Laughing, she curled a fist around the lapel of his duster. "You liked that better than this getup though, right? Because otherwise I'd be a little nervous."
He rolled his eyes. "It's not your best look, kiddo, but I'd take your worst over someone else's best any day of the cycle."
She looked at him with her heart in her throat and blurted out, "I don't want you to dance with anyone else."
"I don't want to dance with anyone but you," he told her seriously. "And I hate seeing you with suitors."
She felt like she could collapse with relief and joy as she kissed him again with fervor. He'd just folded her into his arms when her mother's voice reached them from her main chamber. She broke away from him with wide eyes and he pushed her gently in the direction of the door.
"Oh, my," the queen said with wide eyes when she saw her daughter. She sighed and shook her head.
"We'll say you've taken ill," she said, and swept out of the room again. "Enjoy your evening off, my angel," she called as she left, and DG felt the elation of reprieve.

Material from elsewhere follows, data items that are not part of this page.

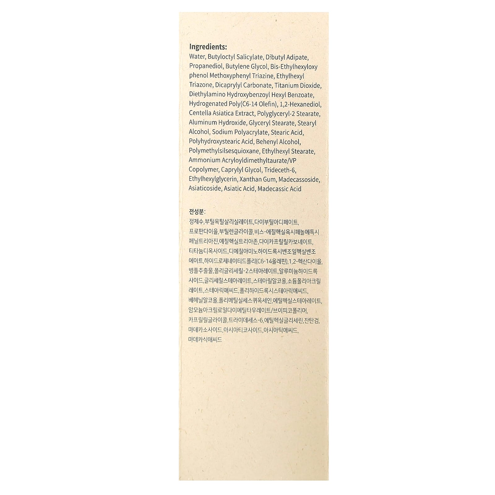 Вода, бутилоктилсалицилат, дибутил адипат, пропандиол, бутиленгликоль, бис-этилгексилоксифенол метоксифенил триазин, этилгексил триазон, дикаприлил карбонат, диоксид титана, диэтиламиногидроксибензоил гексил бензоат, гидрогенизированный поли (C6-14 олефин), 1,2-гександиол, экстракт готу колы (Centella asiatica), полиглицерил-2 стеарат, гидроксид алюминия, глицерил стеарат, стеариловый спирт, полиакрилат натрия, стеариновая кислота, полигидроксистеариновая кислота, бегениловый спирт, полиметилсилсесквиоксан, этилгексил стеарат, аммоний акрилоилдиметилтаурат/ВП сополимер, каприлилгликоль, тридецет-6, этилгексилглицерин, ксантановая камедь, мадекассосид, азиатикозид, азиатиковая кислота, мадекассовая кислота.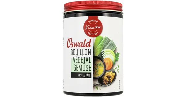 Gemüsebouillon Die Oswald Gemüse Bouillon Végétal Paste überzeugt durch ihr ausgewogenes Aroma und ihren natürlichen Geschmack. Diese Bouillon ist ideal, um Suppen, Saucen und Eintöpfen eine...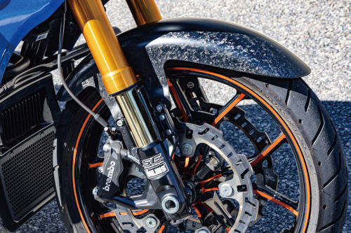 앞서 말한 튜닝 이외에도 브레이크 캘리퍼, 웨이브 디스크, 오픈 흡기 시스템, 각종 카본 파츠도 갖췄다. 오직 겉멋만이 아닌 내실도 잘 다진 설정이다. 바이크가 움직이기 시작하면 올린즈 특유의 쫀쫀함이 온몸으로 전달된다. 기본 모델과 동일하게 무게 중심이 낮게 깔려 있지만 라이더에게 전달되는 안정감은 사뭇 다르다. 일반 모델이 시종일관 무게로 꿋꿋하게 누르는 느낌이라면 커스텀 모델은 묵직하게 누르되 언제든 상하로 움직일 준비가 된 느낌이다.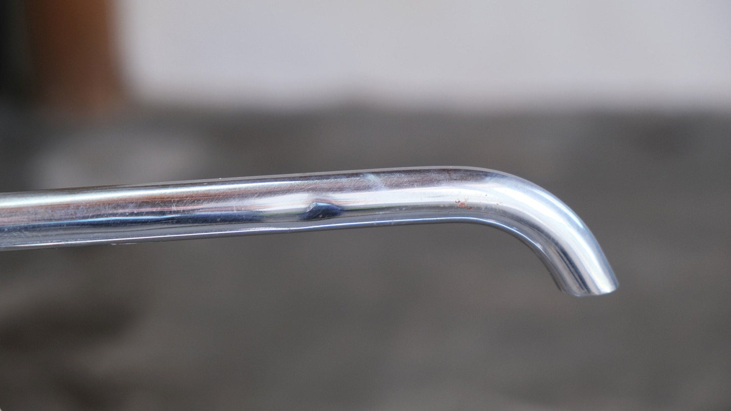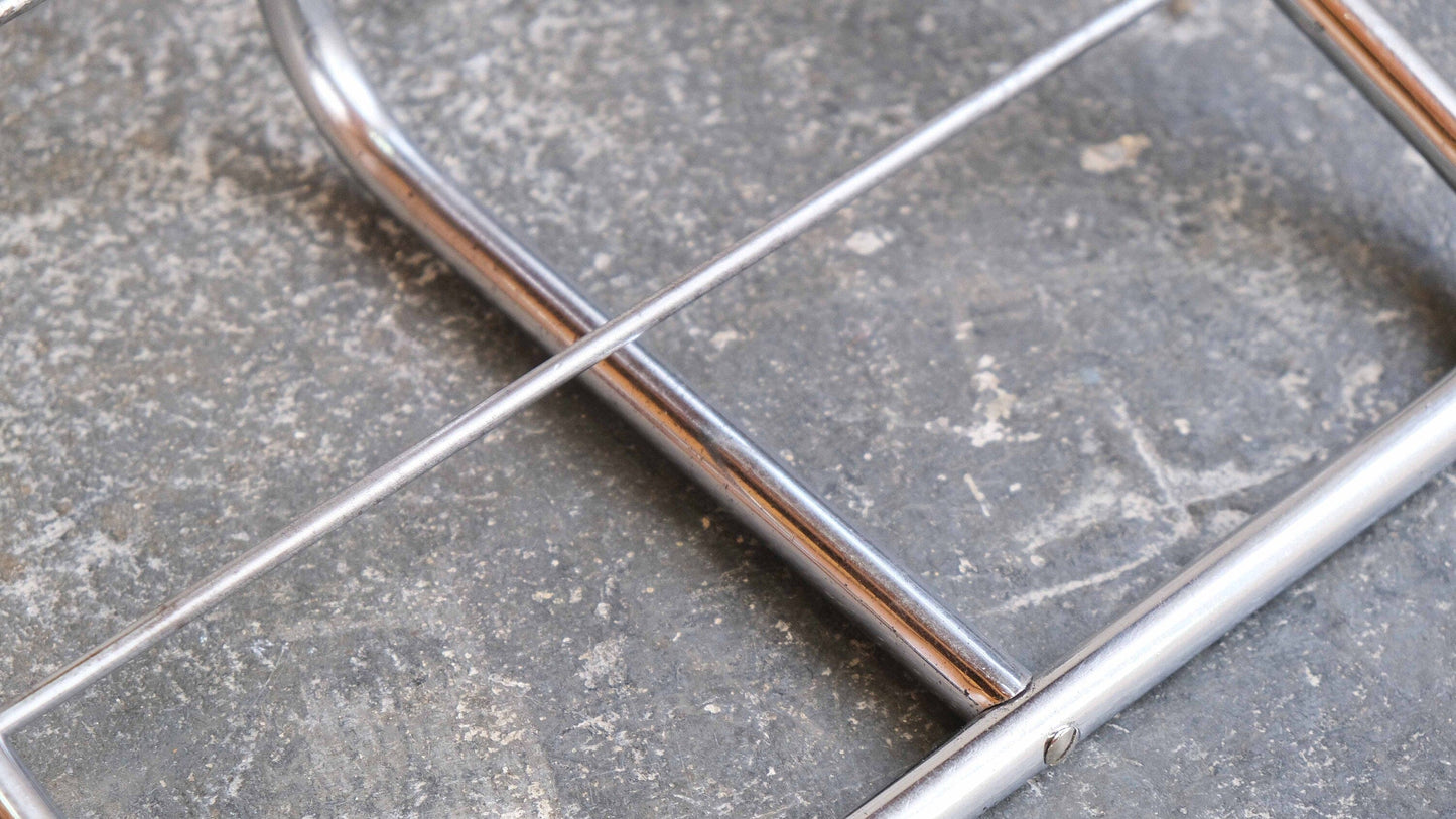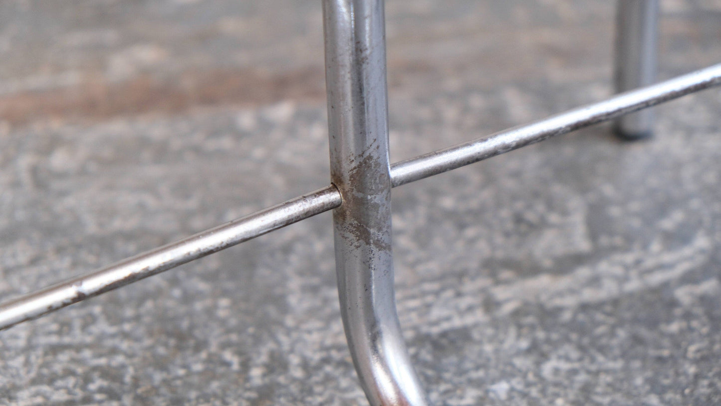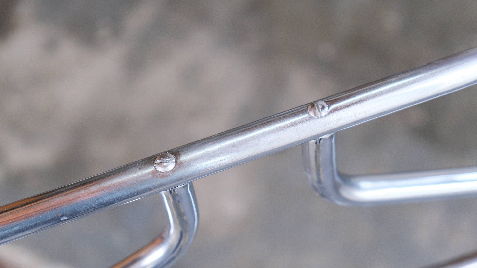 Le tube en acier présente de fortes traces de corrosion et de rayures, notamment au niveau de la partie inférieure des traverses ; le chromage présente par ailleurs un bel éclat. Entièrement démonté, nettoyé et poli.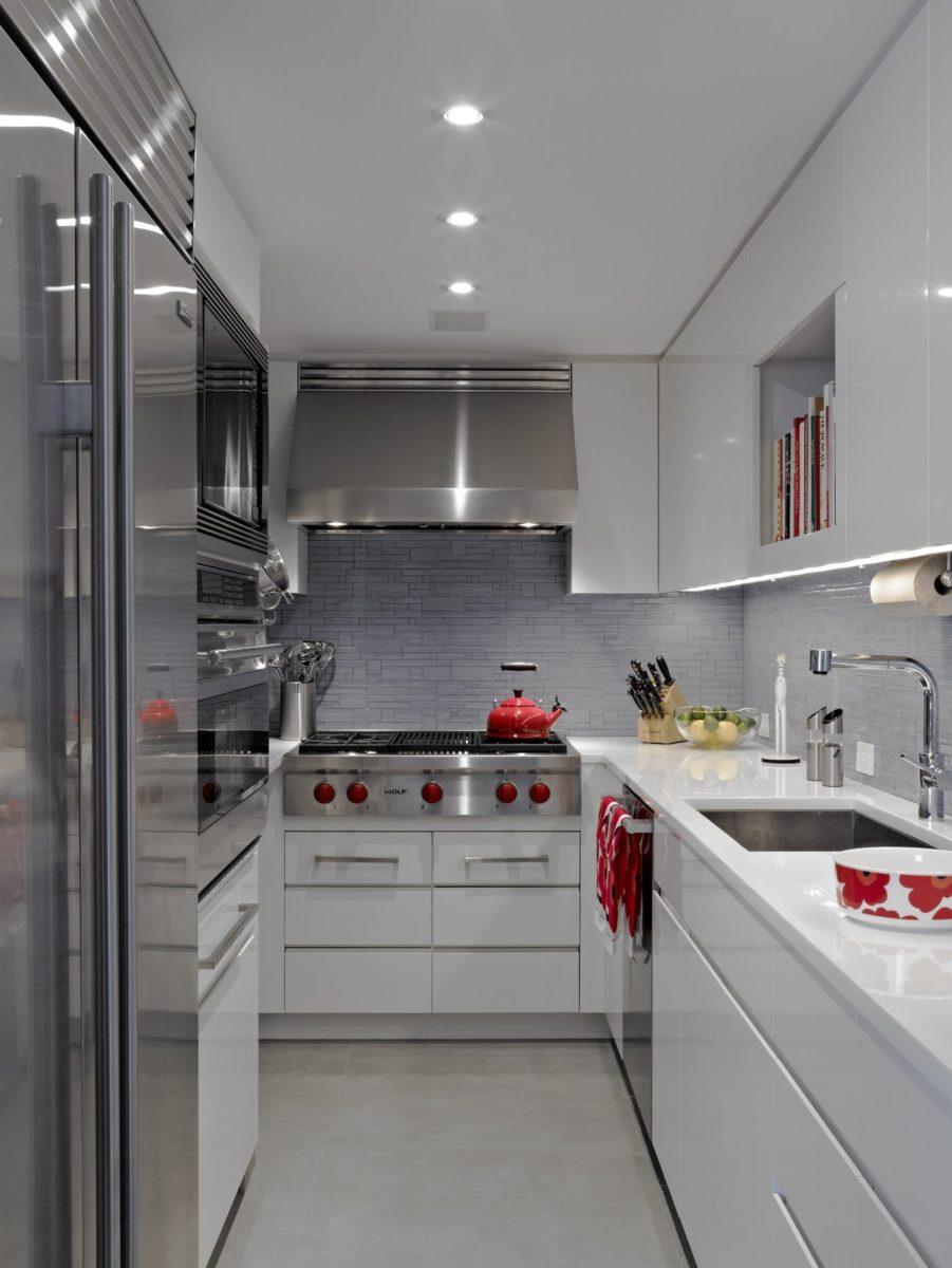 У противоположной стены устанавливают холодильник, стол, здесь же располагается плита, рабочая поверхность. Мойку или варочную панель можно разместить у короткой стены или в углу.

"Oh Wyatt," she sing-songed. "It turns out I have some free time this evening. Would you care to spend it with me?"
He appeared in the doorway to the bathroom with a sly smile on his face and she grinned back giddily.
"Seems I've suddenly got the evening off as well," he said. "I'm sure we can find something to pass the time."
Struck with a sudden urge, she ran at him and jumped into his arms. He caught her easily and her legs wrapped around his waist even with all her fluffy fabric in the way.
"Can we burn my dress?" she asked hopefully.
He grinned. "It would be an honor to help dispose of this threat to the kingdom." He reached out and tugged at her sleeve, hard enough that it tore at the seam.
DG gasped and tightened her hold on him. "I've literally never found you more attractive than I do right now." He laughed and gave the other sleeve the same treatment. As she fake-swooned and called him her hero, she couldn't help but think that no matter what outfits she faced in the future, she'd bear them all with a smile as long as she had her Tin Man there to help her destroy them later.
A/N: I hope you enjoyed my first Tin Man story! I enjoyed writing it, even though (disclaimer) none of the characters belong to me.